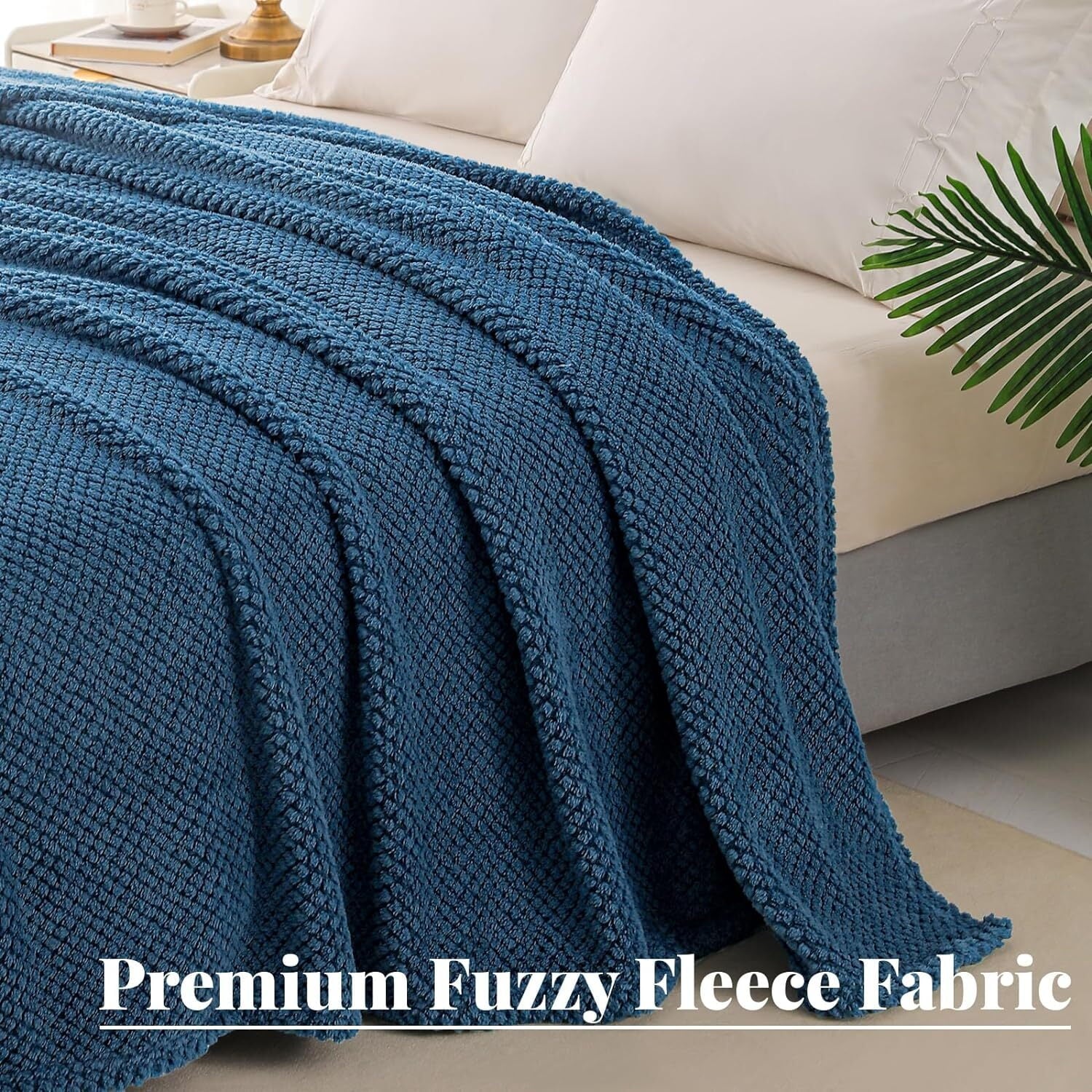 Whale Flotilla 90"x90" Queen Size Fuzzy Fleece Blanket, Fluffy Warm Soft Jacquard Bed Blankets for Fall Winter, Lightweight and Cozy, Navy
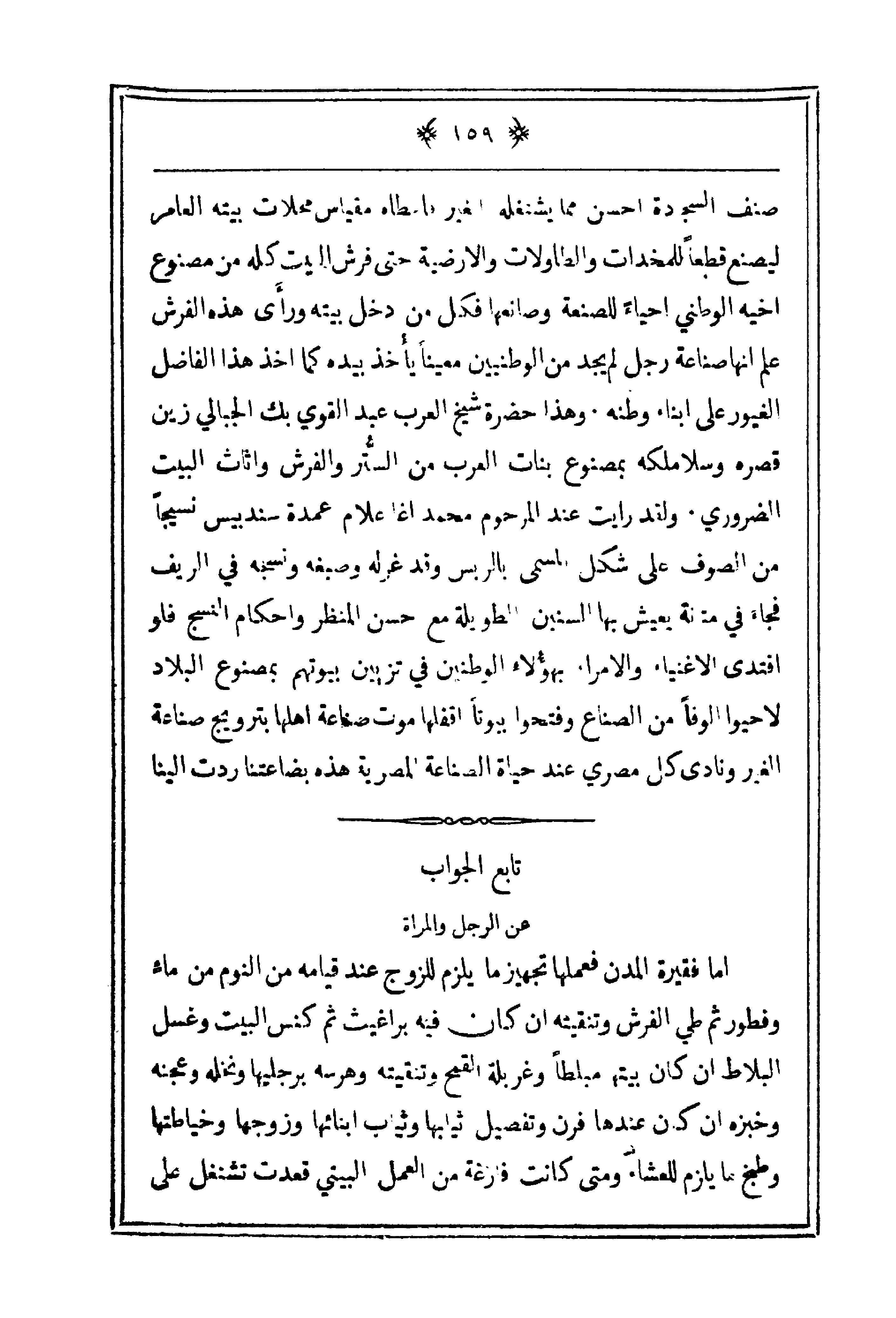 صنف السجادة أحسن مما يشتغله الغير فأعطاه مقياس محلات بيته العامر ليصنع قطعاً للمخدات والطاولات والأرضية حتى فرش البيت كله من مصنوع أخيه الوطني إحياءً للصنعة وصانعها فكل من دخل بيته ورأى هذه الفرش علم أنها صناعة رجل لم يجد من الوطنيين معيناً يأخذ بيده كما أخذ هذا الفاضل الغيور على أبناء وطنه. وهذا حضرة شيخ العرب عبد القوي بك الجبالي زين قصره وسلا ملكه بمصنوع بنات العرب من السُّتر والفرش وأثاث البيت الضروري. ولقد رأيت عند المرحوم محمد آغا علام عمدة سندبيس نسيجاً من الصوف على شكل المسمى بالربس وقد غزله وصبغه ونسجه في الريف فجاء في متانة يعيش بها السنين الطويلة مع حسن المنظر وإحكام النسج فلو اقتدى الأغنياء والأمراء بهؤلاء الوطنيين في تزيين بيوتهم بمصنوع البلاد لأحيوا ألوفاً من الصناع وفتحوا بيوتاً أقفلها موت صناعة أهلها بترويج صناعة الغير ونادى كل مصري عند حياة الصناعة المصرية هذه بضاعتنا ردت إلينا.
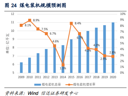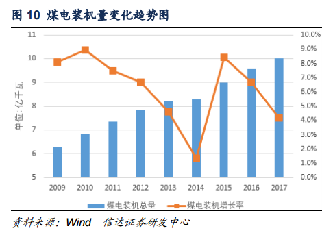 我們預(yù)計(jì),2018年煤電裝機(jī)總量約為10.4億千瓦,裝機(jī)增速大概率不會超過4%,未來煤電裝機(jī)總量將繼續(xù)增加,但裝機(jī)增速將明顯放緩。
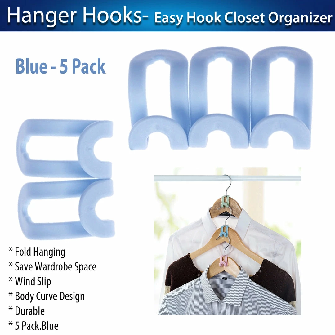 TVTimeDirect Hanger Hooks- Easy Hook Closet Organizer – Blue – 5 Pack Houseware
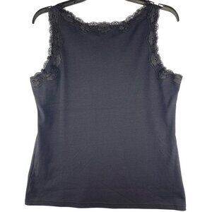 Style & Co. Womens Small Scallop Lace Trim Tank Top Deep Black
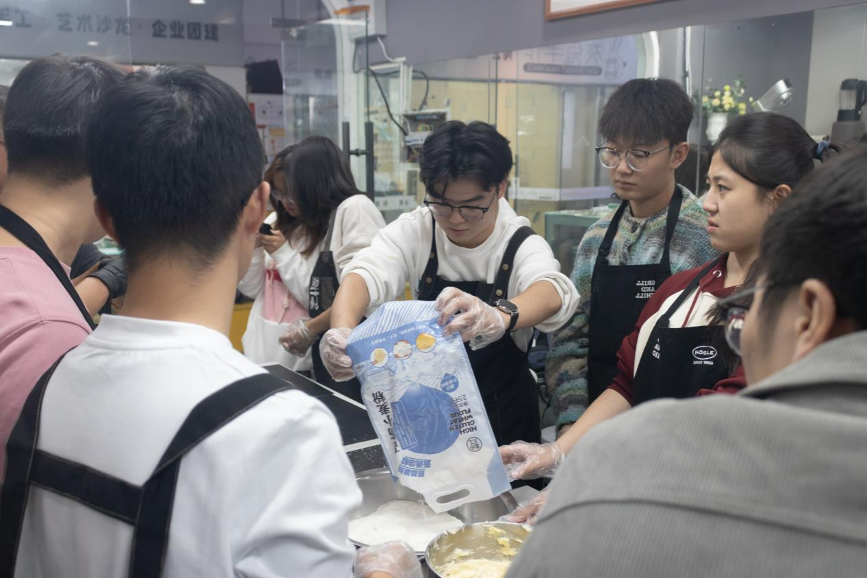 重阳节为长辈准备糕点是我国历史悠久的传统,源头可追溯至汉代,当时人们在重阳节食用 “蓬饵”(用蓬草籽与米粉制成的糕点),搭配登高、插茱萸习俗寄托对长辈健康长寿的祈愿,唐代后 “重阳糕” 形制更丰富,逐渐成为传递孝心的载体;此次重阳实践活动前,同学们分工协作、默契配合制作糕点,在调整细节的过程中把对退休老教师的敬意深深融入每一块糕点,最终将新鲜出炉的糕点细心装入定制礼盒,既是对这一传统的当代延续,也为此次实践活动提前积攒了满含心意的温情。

WHAT IS BEING ASKED: Give back, unaltered, each line of the listing from the first to the line that contains "صنف السجادة أحسن", leaving every picture out.

RESPONSE BELOW:
 Whale Flotilla 90"x90" Queen Size Fuzzy Fleece Blanket, Fluffy Warm Soft Jacquard Bed Blankets for Fall Winter, Lightweight and Cozy, Navy
 صنف السجادة أحسن مما يشتغله الغير فأعطاه مقياس محلات بيته العامر ليصنع قطعاً للمخدات والطاولات والأرضية حتى فرش البيت كله من مصنوع أخيه الوطني إحياءً للصنعة وصانعها فكل من دخل بيته ورأى هذه الفرش علم أنها صناعة رجل لم يجد من الوطنيين معيناً يأخذ بيده كما أخذ هذا الفاضل الغيور على أبناء وطنه. وهذا حضرة شيخ العرب عبد القوي بك الجبالي زين قصره وسلا ملكه بمصنوع بنات العرب من السُّتر والفرش وأثاث البيت الضروري. ولقد رأيت عند المرحوم محمد آغا علام عمدة سندبيس نسيجاً من الصوف على شكل المسمى بالربس وقد غزله وصبغه ونسجه في الريف فجاء في متانة يعيش بها السنين الطويلة مع حسن المنظر وإحكام النسج فلو اقتدى الأغنياء والأمراء بهؤلاء الوطنيين في تزيين بيوتهم بمصنوع البلاد لأحيوا ألوفاً من الصناع وفتحوا بيوتاً أقفلها موت صناعة أهلها بترويج صناعة الغير ونادى كل مصري عند حياة الصناعة المصرية هذه بضاعتنا ردت إلينا.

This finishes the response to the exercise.